HUGE dist file when running Eukarya analysis

Hello there.

I am running a MiSeq analysis on 11 samples of 18S rDNA (Eukarya) following MiSeqSOP (Mothur v.1.42) on a 16 processors server (64GB RAM). As it has happened to me before, I know that with my pair of primers we amplify lots of diversity (from algae to insects), so the dist. file should always be very big, even when running it with cutoff=0.03.

However, in this experiment it is extremely big for such a small number of samples. It took 61 hours to complete the command (dist.seqs(fasta=current, cutoff=0.03, output=lt)) and, consequently, the cluster command is taking very long too.

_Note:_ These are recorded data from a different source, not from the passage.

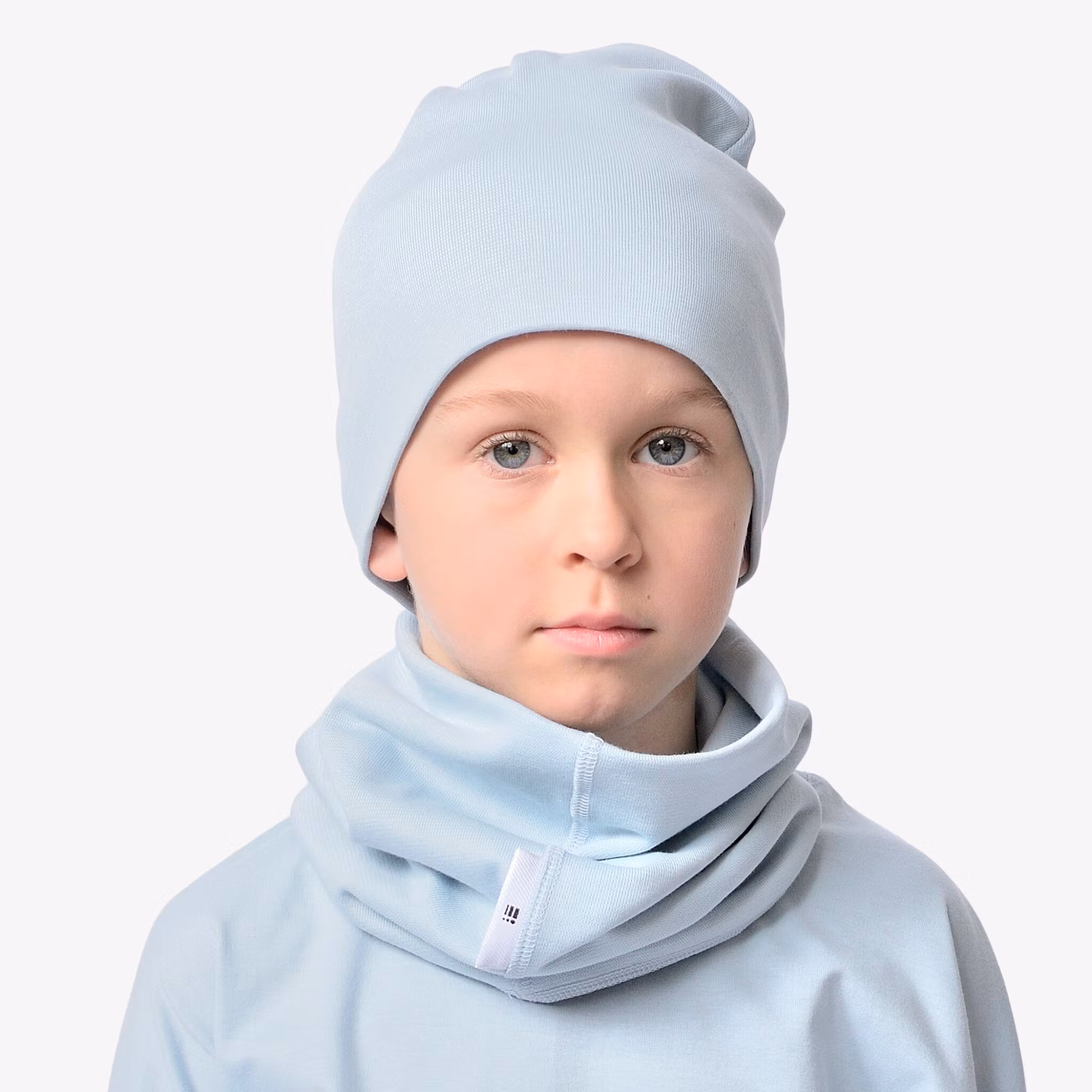 Köp mössa och halsduk till paketpris! Ljusblå mössa med tillhörande tubhalsduk i ljusblå. Mössan är prydd etikett med vår logga i sömmen. Tubhalsduken har våran etikett i sömmen.
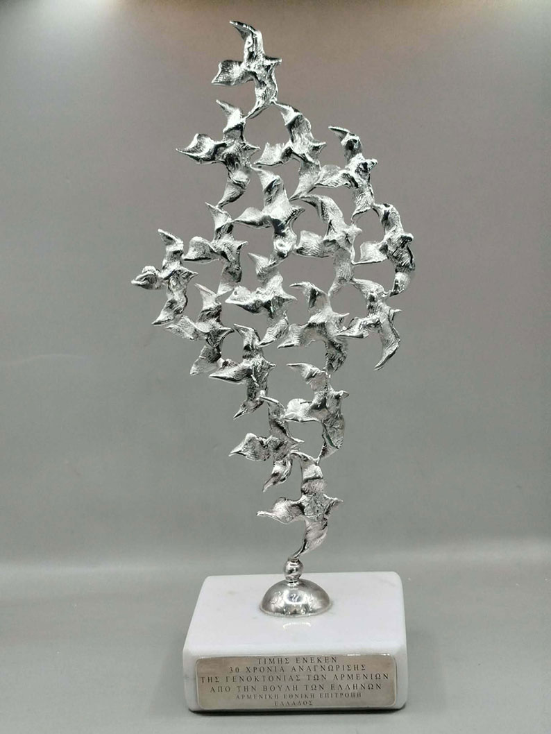 Ելոյթի աւարտէն առաջ յարգելու համար Յունաստանի խորհրդարանի պատմական որոշումի 30-ամեակը, Յունահայոց թեմակալ առաջնորդը եւ Հայ դատի յանձնախումբի ատենապետ ընկ. Յարութիւն Սպարթալեան յիշատակի քանդակ մը նուիրեցին խորհրդարանի ներկայացուցիչ երեսփոխան Վ. Իքոնոմուին: Յուշանուէրը պատրաստուած էր արհեստագէտ ընկ. Յովիկ Գասապեանի ձեռքով: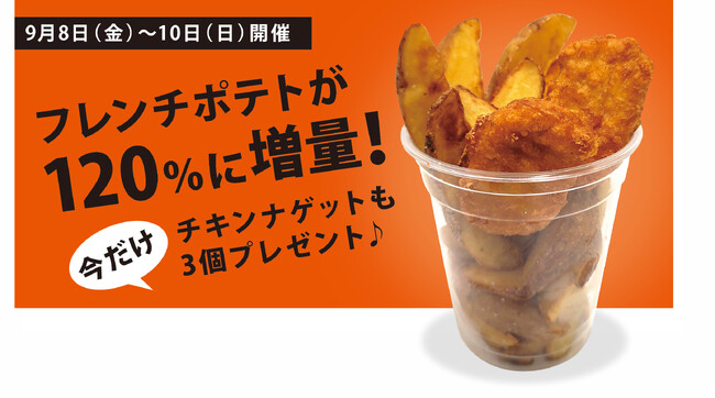 「北海道じゃがいもフレンチポテト」が120%に増量!さらに、チキンナゲットが3個もついて、お値段そのまま、1個240円(税込)でご提供いたします。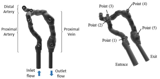 The next phase of the work was the data processing. Initially, corrections were made in the virtual mesh generated by closing open elements resulting from the surface generation process. The next step in the process was the insertion of inlet and outlet ducts and pre-selected points for the investigation of pressure (two points in the arterial region, one point in the anastomosis and two points in the venous region—pseudoaneurysms), as shown in Figure 2.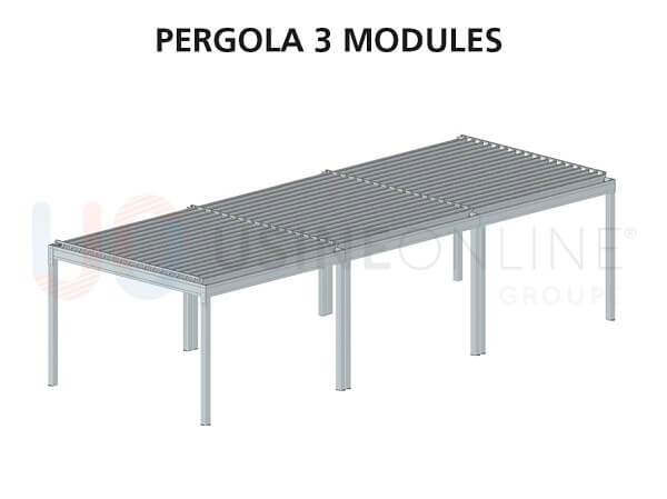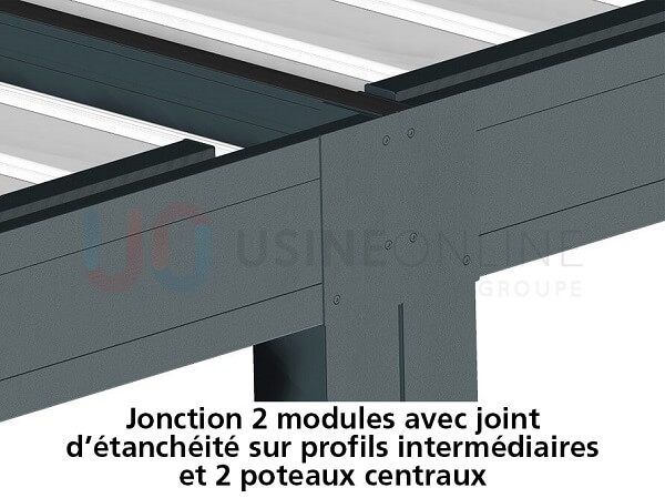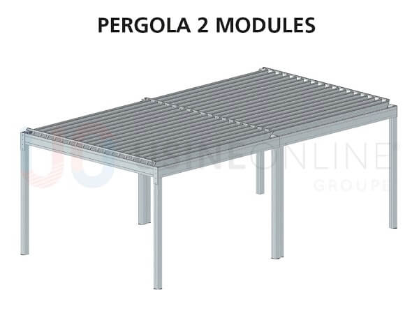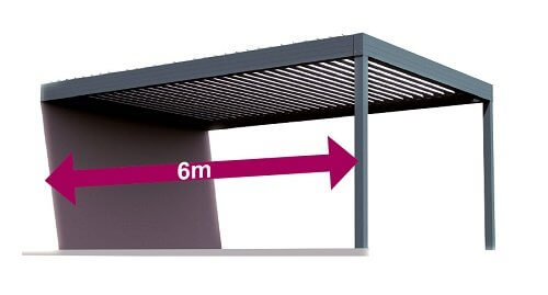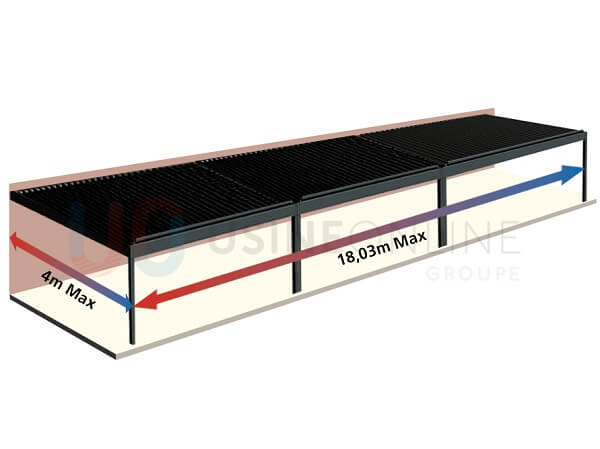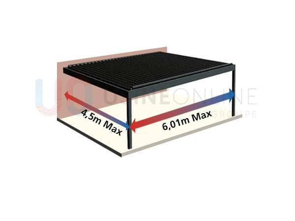 Une pergola sans poteau, c’est aussi possible. Comment ? Il s’agit d’une pergola bioclimatique entre les murs. Pour installer ce type de pergola chez vous, il faut au minimum 3 murs de soutien auxquels sera accrochée la pergola. Ce modèle est aussi disponible pour les pergolas de +25 m2 dans le catalogue en ligne d’Usine Online. La largeur maximale d’un tel module étant de 24 m sur une avancée de 6 m au maximum.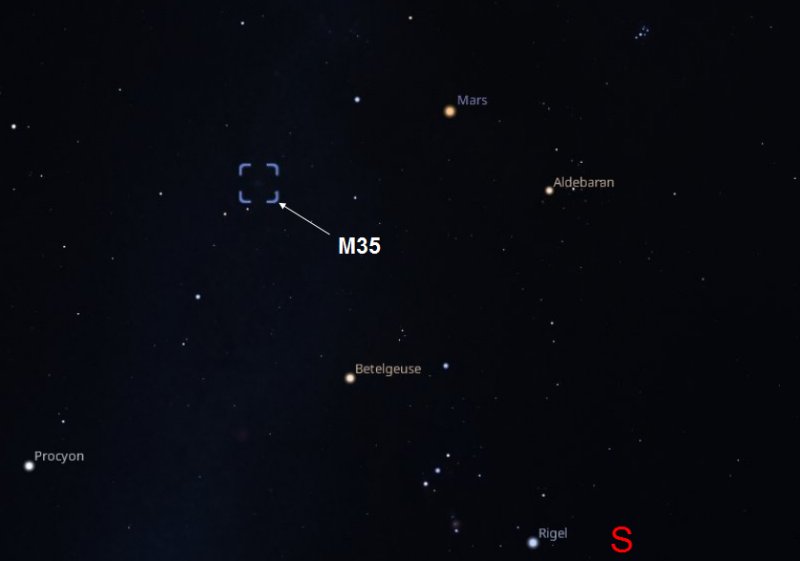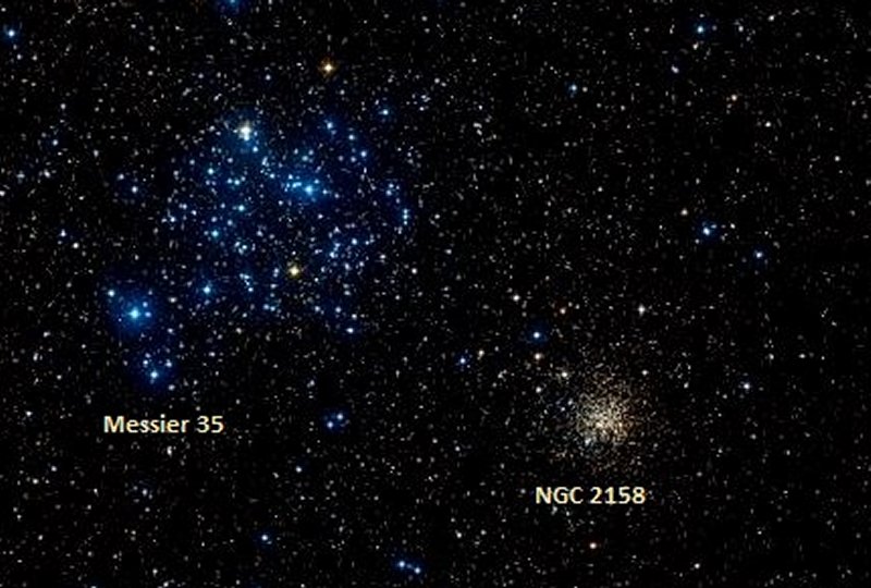 If you are using a telescope, just down and to the right of M35 is another open cluster NGC2158. The two clusters are un-related......M35 is only 3000 light years away, where the much fainter NGC2158 is more like 9000 light years away and 2 billion years old! |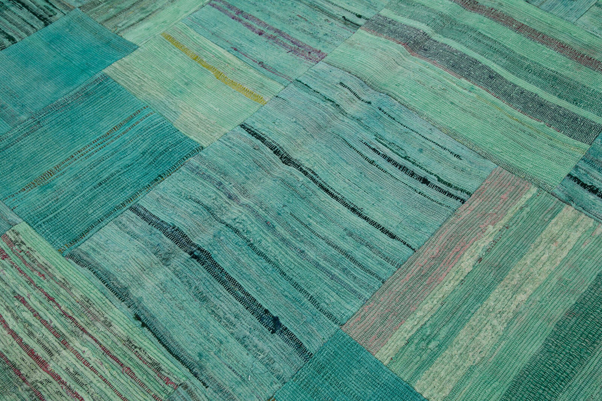 Colorful patchwork rug crafted from vintage Turkish 'chaput' fragments, also known as rag rugs. These unique Turkish chaput kilims are flatweaves handmade from recycled cotton, wool, and goat hair fabrics. Originally woven on narrow looms, chaput panels were later sewn together to create two or even three-winged reversible rugs. Chaput weaving, a traditional practice in Asia Minor, creatively reuses old textiles, forming eco-friendly, one-of-a-kind pieces with rich color and texture. Historically used as runners, area rugs, or bed covers, each vintage chaput patchwork rug showcases an authentic palette, unredyed and rich in character.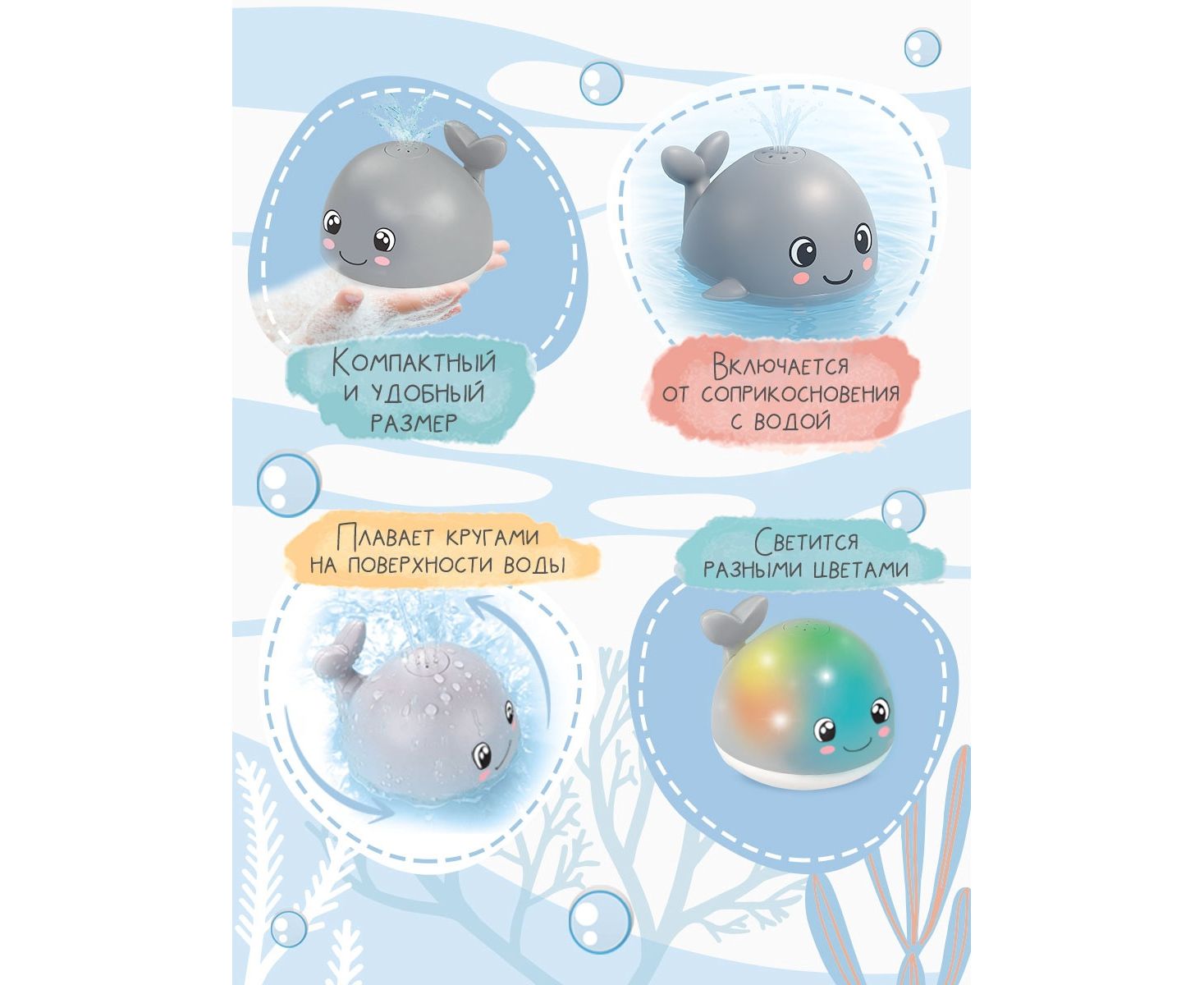 - Игрушка включается от соприкосновения с водой.

Is there anything I could change in my commands to reduce the size of the dist file?
I use output=lt since I want to get representative sequences afterwards and in my experience this is the best output to do so.

Thank you very much

I would remove the output=lt option. In addition, you might also run cluster.split instead of dist.seqs/cluster. You can get the representative sequence from each OTU with get.oturep using the method=abundance option. In our experience, this effectively gives the same output as using the distances and uses far less RAM.


Thanks, Pat.

I have tried to run cluster.split as I already had the phylip.dist file. If this does not work, I will try to change the output form the dist.seqs, as you suggested.

Keep working…

This topic was automatically closed 10 days after the last reply. New replies are no longer allowed.